Blocking H2A.Z Incorporation via Tip60 Inhibition Promotes Systems Consolidation of Fear Memory in Mice

Abstract Memory formation is a protracted process that initially involves the hippocampus and becomes increasingly dependent on the cortex over time, but the mechanisms of this transfer are unclear. We recently showed that hippocampal depletion of the histone variant H2A.Z enhances both recent and remote memories, but the use of virally-mediated depletion reduced H2A.Z levels throughout testing, making its temporally-specific function unclear.

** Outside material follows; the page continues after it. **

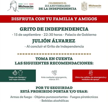 El Gobierno de Michoacán invita a la población a disfrutar en familia y amigos, la celebración del Grito, con motivo del 213 aniversario del inicio de la Independencia, así como del concierto gratuito que ofrecerá Julión Álvarez en el Centro Histórico de la capital michoacana.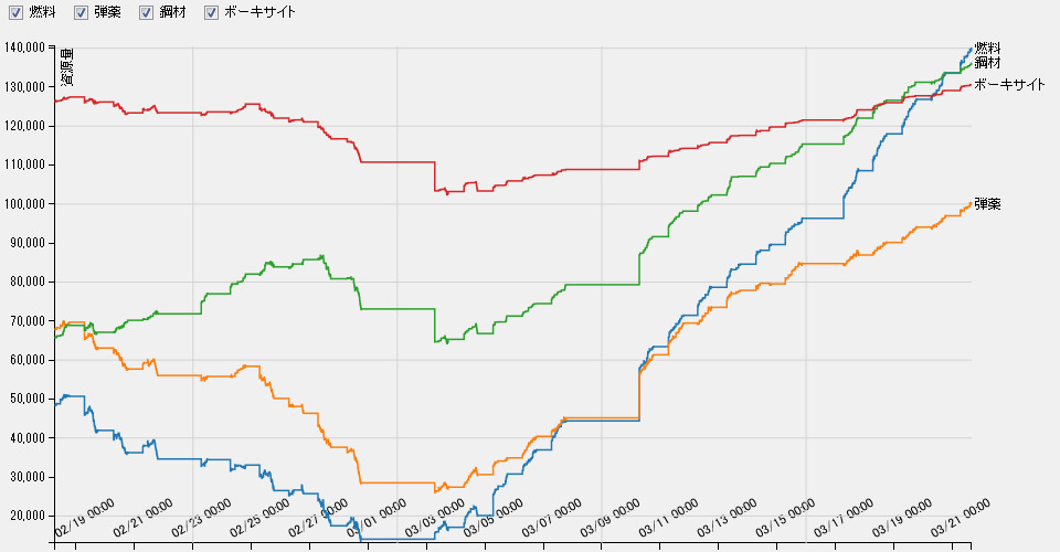 ほとんどが4-4にて卯月掘るのに費やした資源。

Given the lack of drugs that target histone variants, we tested existing drugs for efficacy against H2A.Z, based on their targeting of known H2A.Z regulators. The Tip60 (part of H2A.Z deposition complex) inhibitor Nu9056 reduced H2A.Z binding, whereas the histone deacetylase (HDAC) inhibitor TSA increased H2A.Z acetylation without influencing total H2A.Z in cultured hippocampal neurons. Tip60 (but not HDAC) inhibition 23h after learning enhanced remote (tested at 7 days) and not recent (tested at 24 hours) contextual fear memory in mice. In contrast, Tip60 inhibition 30 days after learning impaired recall of remote memory after 1h, but protected the memory from further declining 24h later. These data provide the first evidence of a delayed post-learning role for histone variants in supporting memory transfer during systems consolidation. Significance Statement Understanding the molecular basis of memory is fundamental for developing novel therapies for memory decline, but progress is impeded by the presence of multiple stages of memory formation that may involve unique molecular events. Our data identify a new time point, 24h after learning, at which H2A.Z manipulation selectively impacts remote memory without influencing recent memory. This finding advances our understanding of memory for several reasons: 1) It demonstrates that ongoing epigenetic changes exert stage-specific outcomes on memory formation, and 2) It provides the first pharmacological tool for manipulating H2A.Z binding. Moreover, we show that Tip60 influences memory through effects that involve H2A.Z, which suggests that recent studies of Tip60-mediated plasticity may include actions on this histone.